A autenticidade dos novos carismas é garantia da sua disponibilidade a submeter-se ao discernimento da autoridade eclesiástica. Já numerosos movimentos eclesiais e novas comunidades foram reconhecidos pela Santa Sé, e portanto devem ser sem dúvida considerados um dom de Deus a toda a Igreja. Outros, ainda em fase nascente, exigem a prática de um acompanhamento ainda mais delicado e vigilante da parte dos Pastores das Igrejas particulares. Quem está chamado a um serviço de discernimento e de guia não pretenda ditar leis sobre os carismas, mas antes se preserve do perigo de os sufocar (cf. 1 Ts 5, 19-21), resistindo à tentação de uniformizar o que o Espírito Santo quis multiforme para concorrer para a edificação e para a dilatação do único Corpo de Cristo, que o próprio Espírito torna firme na unidade. Consagrado e assistido pelo Espírito de Deus, em Cristo, Cabeça da Igreja, o Bispo deverá examinar os carismas e prová-los, para reconhecer e valorizar o que é bom, verdadeiro e belo, o que contribui para o incremento da santidade dos indivíduos e das comunidades. Quando forem necessárias intervenções de correcção, sejam também elas expressão de "muito amor". Os movimentos e as novas comunidades mostram-se orgulhosos da sua liberdade associativa, da fidelidade ao seu carisma, mas demonstram também que sabem muito bem que fidelidade e liberdade são garantidas, e certamente não limitadas, pela comunhão eclesial, da qual os Bispos, unidos ao Sucessor de Pedro, são ministros, guardas e guias.
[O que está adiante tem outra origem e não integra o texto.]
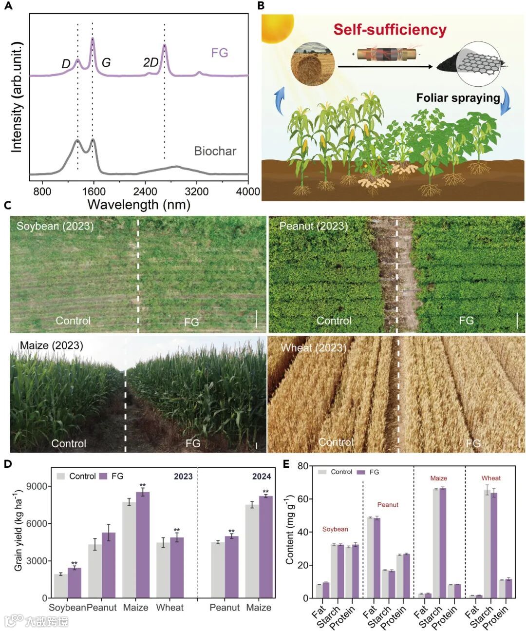 图1 证实了闪蒸焦耳加热法成功制备生物质石墨烯,并通过连续田间试验证明FG处理对大豆、花生、玉米及小麦均有显著增产效果,且不改变籽粒营养成分。

Amados Irmãos no Episcopado, no final deste encontro exorto-vos a reavivar em vós o dom que recebestes com a vossa consagração (cf. 2 Tm 1, 6). O Espírito de Deus nos ajude a reconhecer e guardar as maravilhas que Ele próprio suscita na Igreja em benefício de todos os homens. Confio a Maria Santíssima, Rainha dos Apóstolos, cada uma das vossas Dioceses e concedo-vos de todo o coração uma afectuosa Bênção Apostólica, que faço extensiva aos sacerdotes, aos religiosos, às religiosas, aos seminaristas, aos catequistas e a todos os fiéis leigos, em particular, hoje, aos membros dos movimentos eclesiais e das novas comunidades presentes nas Igrejas confiadas aos vossos cuidados.